TASK STATEMENT | Could you print the stretch of lines below from the one with "A coluna registra" through the one with "A vitamina C é", exactly as they stand and without any pictures?

[Stored entries]
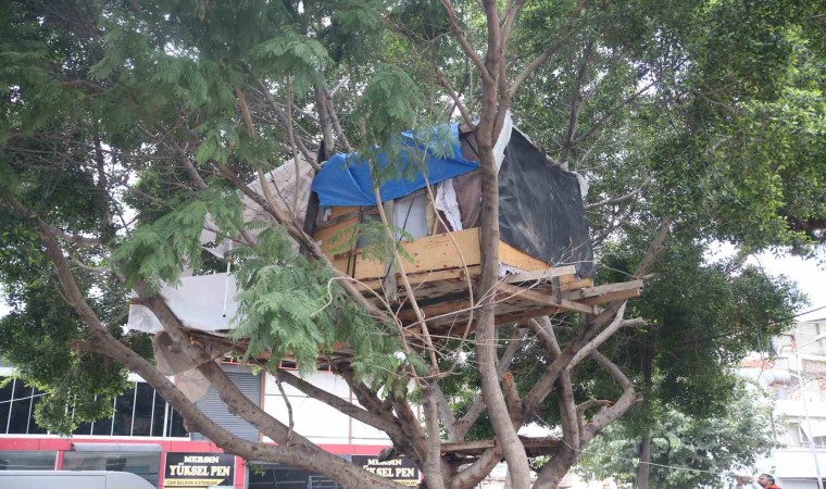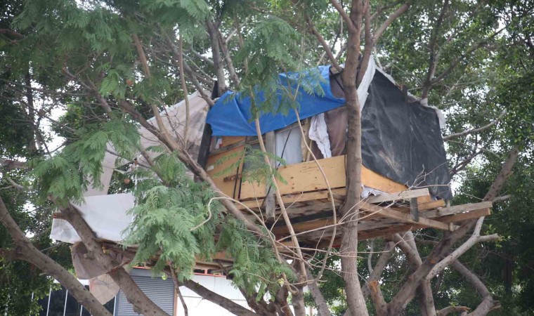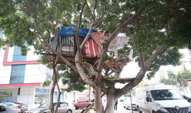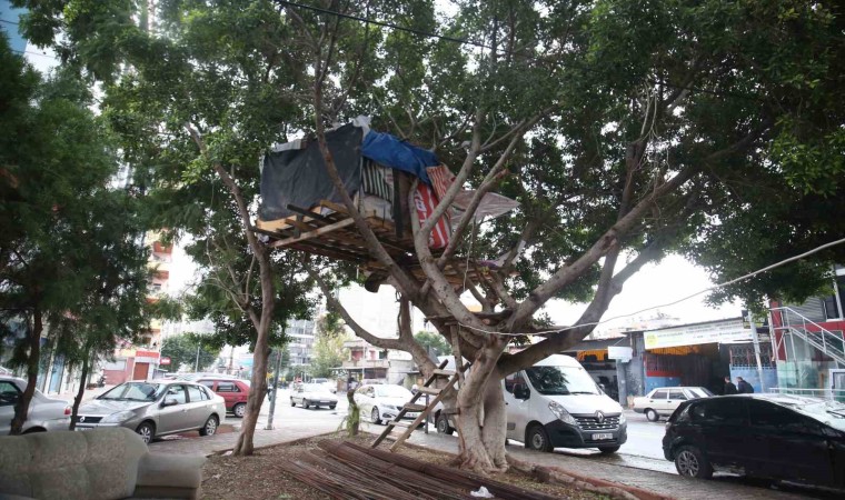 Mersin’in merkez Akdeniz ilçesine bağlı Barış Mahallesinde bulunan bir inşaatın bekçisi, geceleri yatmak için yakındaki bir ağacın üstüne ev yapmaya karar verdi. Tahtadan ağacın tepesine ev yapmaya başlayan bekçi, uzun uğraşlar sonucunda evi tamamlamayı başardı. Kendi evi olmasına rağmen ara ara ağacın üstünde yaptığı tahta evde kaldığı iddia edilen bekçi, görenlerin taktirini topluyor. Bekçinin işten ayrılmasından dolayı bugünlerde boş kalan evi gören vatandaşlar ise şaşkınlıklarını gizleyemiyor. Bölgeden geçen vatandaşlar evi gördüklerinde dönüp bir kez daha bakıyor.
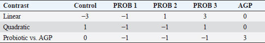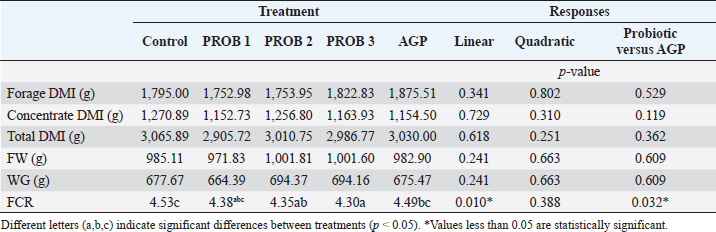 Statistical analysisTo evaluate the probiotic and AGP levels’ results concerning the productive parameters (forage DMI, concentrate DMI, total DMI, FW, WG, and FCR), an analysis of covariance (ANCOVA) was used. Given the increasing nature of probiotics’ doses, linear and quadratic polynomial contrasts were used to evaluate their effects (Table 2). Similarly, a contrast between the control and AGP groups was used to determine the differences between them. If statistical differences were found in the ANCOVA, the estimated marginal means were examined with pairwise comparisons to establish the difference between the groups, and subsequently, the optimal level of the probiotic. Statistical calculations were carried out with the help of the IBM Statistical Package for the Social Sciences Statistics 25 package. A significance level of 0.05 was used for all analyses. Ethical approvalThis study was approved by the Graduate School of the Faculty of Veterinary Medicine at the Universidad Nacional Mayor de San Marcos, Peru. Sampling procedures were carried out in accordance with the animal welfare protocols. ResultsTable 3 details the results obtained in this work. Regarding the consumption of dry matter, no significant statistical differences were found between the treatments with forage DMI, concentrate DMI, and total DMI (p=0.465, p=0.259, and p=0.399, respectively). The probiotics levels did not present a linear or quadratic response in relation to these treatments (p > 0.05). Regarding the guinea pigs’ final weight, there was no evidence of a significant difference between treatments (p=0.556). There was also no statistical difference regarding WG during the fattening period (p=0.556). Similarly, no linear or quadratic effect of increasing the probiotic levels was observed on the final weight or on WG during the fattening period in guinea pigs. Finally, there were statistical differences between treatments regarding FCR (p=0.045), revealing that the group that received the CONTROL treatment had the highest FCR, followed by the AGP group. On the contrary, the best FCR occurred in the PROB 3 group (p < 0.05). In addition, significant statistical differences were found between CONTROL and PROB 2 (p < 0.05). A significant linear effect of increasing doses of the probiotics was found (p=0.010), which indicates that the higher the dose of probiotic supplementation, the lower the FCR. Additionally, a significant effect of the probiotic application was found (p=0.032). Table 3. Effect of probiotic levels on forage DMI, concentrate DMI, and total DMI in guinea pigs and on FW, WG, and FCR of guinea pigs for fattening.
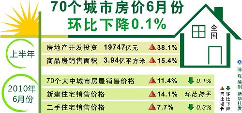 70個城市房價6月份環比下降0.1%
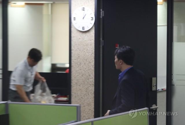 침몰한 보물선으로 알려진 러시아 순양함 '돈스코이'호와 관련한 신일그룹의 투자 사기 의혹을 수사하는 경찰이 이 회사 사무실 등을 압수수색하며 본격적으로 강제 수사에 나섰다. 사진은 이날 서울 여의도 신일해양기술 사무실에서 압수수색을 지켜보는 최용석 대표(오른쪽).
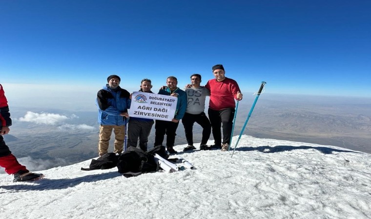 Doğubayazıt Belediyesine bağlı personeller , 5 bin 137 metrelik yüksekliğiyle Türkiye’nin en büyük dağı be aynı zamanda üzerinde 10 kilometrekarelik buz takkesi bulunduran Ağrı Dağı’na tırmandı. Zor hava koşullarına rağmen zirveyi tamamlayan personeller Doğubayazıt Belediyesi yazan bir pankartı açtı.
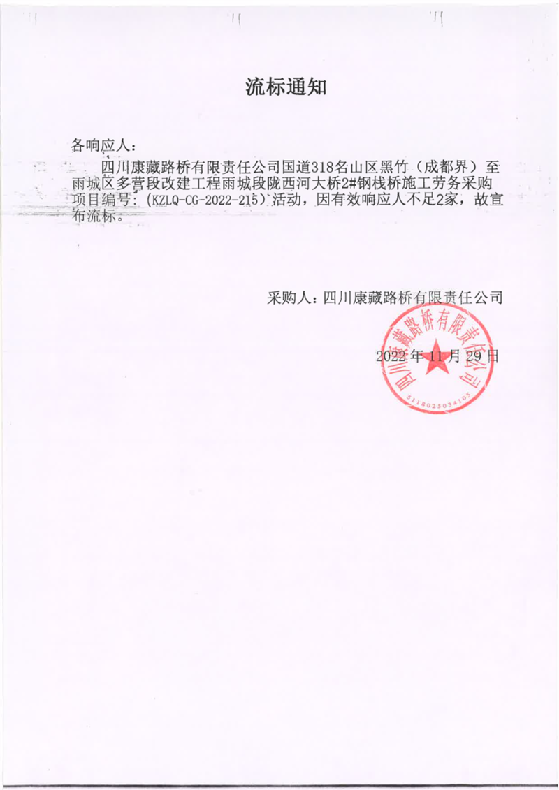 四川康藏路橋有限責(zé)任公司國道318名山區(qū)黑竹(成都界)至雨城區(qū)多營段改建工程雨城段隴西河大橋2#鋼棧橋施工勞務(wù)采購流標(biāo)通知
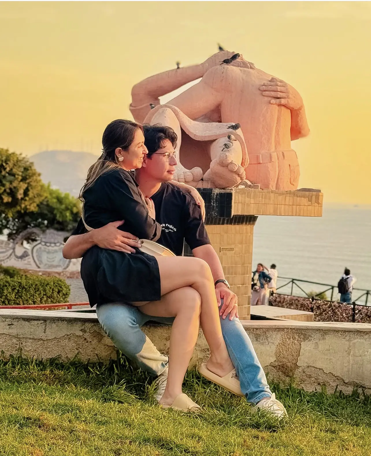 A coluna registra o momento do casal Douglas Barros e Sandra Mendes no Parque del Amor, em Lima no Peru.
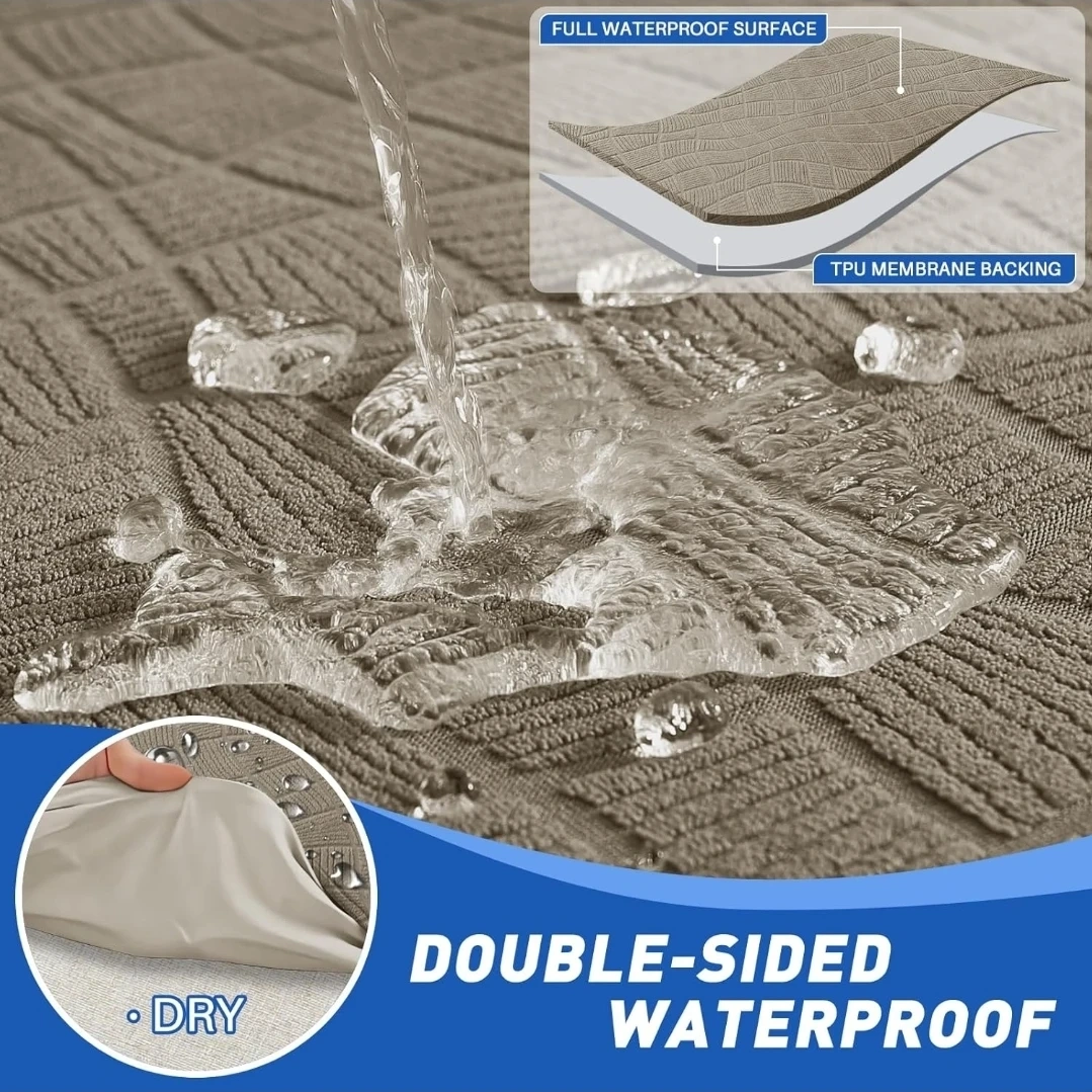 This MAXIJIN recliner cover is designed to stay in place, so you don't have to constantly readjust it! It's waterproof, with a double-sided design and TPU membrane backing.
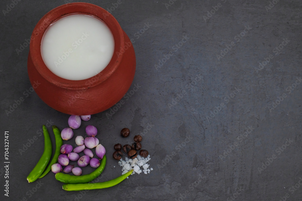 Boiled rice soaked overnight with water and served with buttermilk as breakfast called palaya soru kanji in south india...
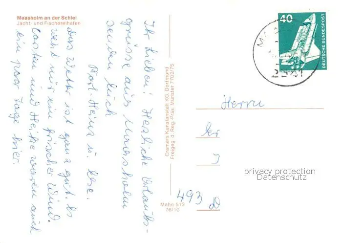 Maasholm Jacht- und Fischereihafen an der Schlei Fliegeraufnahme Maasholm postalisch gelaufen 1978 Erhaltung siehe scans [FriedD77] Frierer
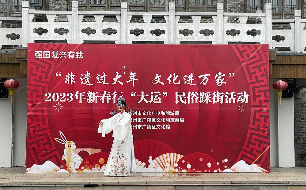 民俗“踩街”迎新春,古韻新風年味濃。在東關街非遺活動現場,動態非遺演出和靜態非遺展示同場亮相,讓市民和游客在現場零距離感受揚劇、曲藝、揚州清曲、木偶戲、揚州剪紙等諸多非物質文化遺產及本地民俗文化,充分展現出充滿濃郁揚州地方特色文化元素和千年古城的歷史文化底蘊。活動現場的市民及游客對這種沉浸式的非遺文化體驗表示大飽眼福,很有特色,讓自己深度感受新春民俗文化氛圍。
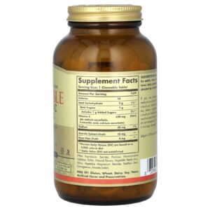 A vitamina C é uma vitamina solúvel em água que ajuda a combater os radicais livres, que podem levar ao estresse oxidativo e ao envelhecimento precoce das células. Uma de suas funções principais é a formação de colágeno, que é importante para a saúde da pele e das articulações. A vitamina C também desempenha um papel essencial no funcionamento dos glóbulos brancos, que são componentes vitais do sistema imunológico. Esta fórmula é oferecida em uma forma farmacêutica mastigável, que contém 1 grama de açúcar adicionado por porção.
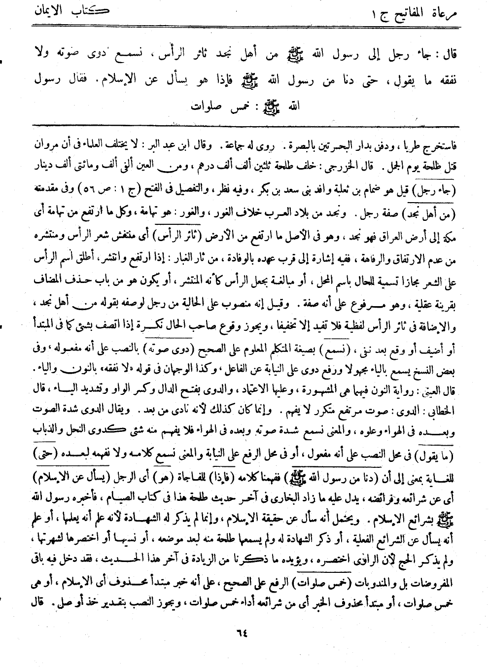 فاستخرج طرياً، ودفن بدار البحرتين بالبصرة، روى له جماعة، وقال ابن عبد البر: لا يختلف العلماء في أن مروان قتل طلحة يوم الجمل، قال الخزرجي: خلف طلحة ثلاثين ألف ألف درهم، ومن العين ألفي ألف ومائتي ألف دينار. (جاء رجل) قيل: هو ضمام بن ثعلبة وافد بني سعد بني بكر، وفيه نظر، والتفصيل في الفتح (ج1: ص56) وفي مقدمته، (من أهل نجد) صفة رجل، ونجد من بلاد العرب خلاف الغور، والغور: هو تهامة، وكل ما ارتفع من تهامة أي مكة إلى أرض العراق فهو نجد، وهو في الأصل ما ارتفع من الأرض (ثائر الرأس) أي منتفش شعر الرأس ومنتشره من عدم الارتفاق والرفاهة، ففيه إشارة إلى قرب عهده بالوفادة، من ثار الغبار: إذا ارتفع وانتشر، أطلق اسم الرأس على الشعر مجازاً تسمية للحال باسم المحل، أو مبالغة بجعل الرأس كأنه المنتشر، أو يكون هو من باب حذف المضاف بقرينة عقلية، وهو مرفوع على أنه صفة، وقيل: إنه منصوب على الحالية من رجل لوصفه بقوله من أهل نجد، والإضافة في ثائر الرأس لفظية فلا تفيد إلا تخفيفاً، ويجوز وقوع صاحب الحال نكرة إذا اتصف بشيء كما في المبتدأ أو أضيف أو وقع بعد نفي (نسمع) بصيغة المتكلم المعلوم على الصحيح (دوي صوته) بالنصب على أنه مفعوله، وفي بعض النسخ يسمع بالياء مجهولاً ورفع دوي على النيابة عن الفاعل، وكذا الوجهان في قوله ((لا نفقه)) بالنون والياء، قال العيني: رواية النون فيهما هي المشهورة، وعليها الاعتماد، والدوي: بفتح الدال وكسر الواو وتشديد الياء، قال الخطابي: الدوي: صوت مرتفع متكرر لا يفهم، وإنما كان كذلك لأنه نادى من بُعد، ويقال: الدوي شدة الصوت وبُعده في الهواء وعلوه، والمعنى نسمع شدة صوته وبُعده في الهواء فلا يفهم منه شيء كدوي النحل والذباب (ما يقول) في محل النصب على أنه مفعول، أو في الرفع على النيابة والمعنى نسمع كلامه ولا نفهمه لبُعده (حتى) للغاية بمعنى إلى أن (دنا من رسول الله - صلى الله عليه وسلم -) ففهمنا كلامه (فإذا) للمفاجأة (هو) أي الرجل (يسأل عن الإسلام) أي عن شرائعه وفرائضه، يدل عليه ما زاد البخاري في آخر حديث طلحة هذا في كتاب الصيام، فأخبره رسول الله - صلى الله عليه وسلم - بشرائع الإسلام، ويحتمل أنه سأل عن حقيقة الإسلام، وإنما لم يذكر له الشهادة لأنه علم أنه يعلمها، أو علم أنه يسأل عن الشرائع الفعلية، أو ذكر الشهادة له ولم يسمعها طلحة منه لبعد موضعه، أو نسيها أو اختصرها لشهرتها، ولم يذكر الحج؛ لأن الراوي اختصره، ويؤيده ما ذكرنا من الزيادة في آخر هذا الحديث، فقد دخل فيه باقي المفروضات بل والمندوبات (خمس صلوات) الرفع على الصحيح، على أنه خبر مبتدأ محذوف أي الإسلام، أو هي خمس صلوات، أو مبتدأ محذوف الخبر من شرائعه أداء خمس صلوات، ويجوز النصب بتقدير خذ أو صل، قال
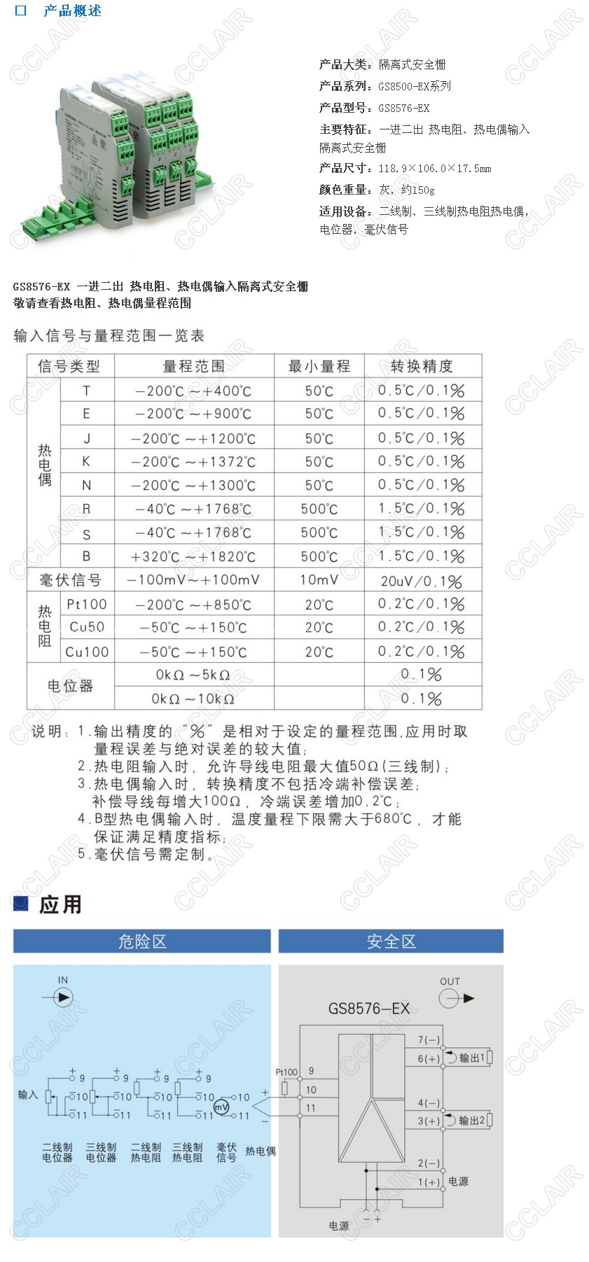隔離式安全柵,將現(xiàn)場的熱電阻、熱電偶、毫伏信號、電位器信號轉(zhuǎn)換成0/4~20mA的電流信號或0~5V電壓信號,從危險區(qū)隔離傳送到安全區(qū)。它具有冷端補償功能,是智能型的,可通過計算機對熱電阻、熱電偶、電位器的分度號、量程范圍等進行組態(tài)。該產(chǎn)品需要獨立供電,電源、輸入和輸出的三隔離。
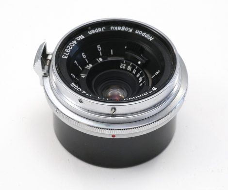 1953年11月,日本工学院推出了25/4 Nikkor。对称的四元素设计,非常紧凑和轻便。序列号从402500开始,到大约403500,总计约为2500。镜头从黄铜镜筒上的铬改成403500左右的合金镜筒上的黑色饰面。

ANSWER SPACE |
 A coluna registra o momento do casal Douglas Barros e Sandra Mendes no Parque del Amor, em Lima no Peru.
 This MAXIJIN recliner cover is designed to stay in place, so you don't have to constantly readjust it! It's waterproof, with a double-sided design and TPU membrane backing.
 Boiled rice soaked overnight with water and served with buttermilk as breakfast called palaya soru kanji in south india...
 Maasholm Jacht- und Fischereihafen an der Schlei Fliegeraufnahme Maasholm postalisch gelaufen 1978 Erhaltung siehe scans [FriedD77] Frierer
 民俗“踩街”迎新春,古韻新風年味濃。在東關街非遺活動現場,動態非遺演出和靜態非遺展示同場亮相,讓市民和游客在現場零距離感受揚劇、曲藝、揚州清曲、木偶戲、揚州剪紙等諸多非物質文化遺產及本地民俗文化,充分展現出充滿濃郁揚州地方特色文化元素和千年古城的歷史文化底蘊。活動現場的市民及游客對這種沉浸式的非遺文化體驗表示大飽眼福,很有特色,讓自己深度感受新春民俗文化氛圍。
 A vitamina C é uma vitamina solúvel em água que ajuda a combater os radicais livres, que podem levar ao estresse oxidativo e ao envelhecimento precoce das células. Uma de suas funções principais é a formação de colágeno, que é importante para a saúde da pele e das articulações. A vitamina C também desempenha um papel essencial no funcionamento dos glóbulos brancos, que são componentes vitais do sistema imunológico. Esta fórmula é oferecida em uma forma farmacêutica mastigável, que contém 1 grama de açúcar adicionado por porção.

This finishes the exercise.